Building Description
Dedicated in October of 1919, the Mount Sinai School is a one-story, "two-teacher" Rosenwald school building. Mt. Sinai was constructed according to the plans of W.A. Hazel (Floorplan No. 20,) as found in "The Rural Negro School Building and Its Relation to the Community", published in 1913 by Tuskegee Institute. It is located in a rural area approximately eight miles north of Prattville in the Mount Sinai community, on five acres of land adjacent to the circa 1949 Mount Sinai Baptist Church.
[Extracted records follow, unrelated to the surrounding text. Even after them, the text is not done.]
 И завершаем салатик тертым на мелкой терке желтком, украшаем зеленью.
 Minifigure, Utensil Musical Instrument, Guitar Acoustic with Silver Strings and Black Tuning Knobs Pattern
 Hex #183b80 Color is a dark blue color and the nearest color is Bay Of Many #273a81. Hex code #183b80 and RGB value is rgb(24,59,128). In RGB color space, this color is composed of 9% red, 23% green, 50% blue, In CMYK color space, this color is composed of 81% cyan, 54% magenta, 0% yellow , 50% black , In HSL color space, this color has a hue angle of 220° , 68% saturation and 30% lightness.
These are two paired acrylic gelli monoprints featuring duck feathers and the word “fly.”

As Hazels's plan dictates, the building is aligned to face east and west to take advantage of natural light. The one-story, frame T-shaped building was originally comprised of two 24' x 32' classrooms with the 12' x 24' industrial arts room extending to the west. The industrial arts room was extended out by 14 feet in 1935, and in 1950 a third classroom (also measuring 24' x 32') was added to the north side of the building. The school is constructed on brick piers, with later concrete block infill used to enclose the foundation. Exterior walls are of weatherboard, while the gabled roof featuring exposed rafter ends is clad with asphalt shingles. The east (main) facade has five bays, with the centered forward-projecting gabled industrial room being the dominant feature. The industrial room is flanked by two single-leaf entrances to either side covered by shed roofs and supported by paired, Craftsman-style brackets. Although this room has recent 12/6 aluminum replacement windows, the remainder of the windows throughout the school are double-hung wooden 6:6 sashes arranged in banks in five. The windows on the 1950 addition are of a slightly smaller proportion than those of the original building.
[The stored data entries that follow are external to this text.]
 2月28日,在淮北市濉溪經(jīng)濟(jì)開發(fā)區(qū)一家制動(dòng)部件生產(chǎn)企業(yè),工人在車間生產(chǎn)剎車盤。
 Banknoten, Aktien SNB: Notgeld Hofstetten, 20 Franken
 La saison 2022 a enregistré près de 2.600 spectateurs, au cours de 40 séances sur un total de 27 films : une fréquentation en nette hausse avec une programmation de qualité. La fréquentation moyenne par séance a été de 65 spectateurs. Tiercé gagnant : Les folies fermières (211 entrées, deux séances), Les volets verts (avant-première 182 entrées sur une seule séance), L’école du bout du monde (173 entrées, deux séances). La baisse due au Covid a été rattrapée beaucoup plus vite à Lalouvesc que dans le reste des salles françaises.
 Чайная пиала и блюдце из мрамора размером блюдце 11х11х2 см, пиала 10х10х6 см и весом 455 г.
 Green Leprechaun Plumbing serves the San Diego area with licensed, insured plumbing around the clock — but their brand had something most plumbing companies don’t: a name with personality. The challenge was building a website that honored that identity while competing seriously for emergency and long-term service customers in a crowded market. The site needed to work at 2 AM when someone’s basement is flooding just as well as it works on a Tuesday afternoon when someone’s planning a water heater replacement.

Hazels' original interior plan of two main classrooms separated by a partition remains intact, as do the cloakrooms, although the north cloakroom was partially infilled by the construction of two interior bathrooms in the 1980s. The industrial arts room, accessed from both classrooms, has its original storage closet along the east wall. The floors, walls, and ceilings throughout the building (including those in the additions) are tongue and groove pine, although some sheetrock has been installed in the west room and a portion of the south room. Multi-paneled wooden doors are found throughout the interior. Many of the original desks and two pot-bellied stoves remain as well.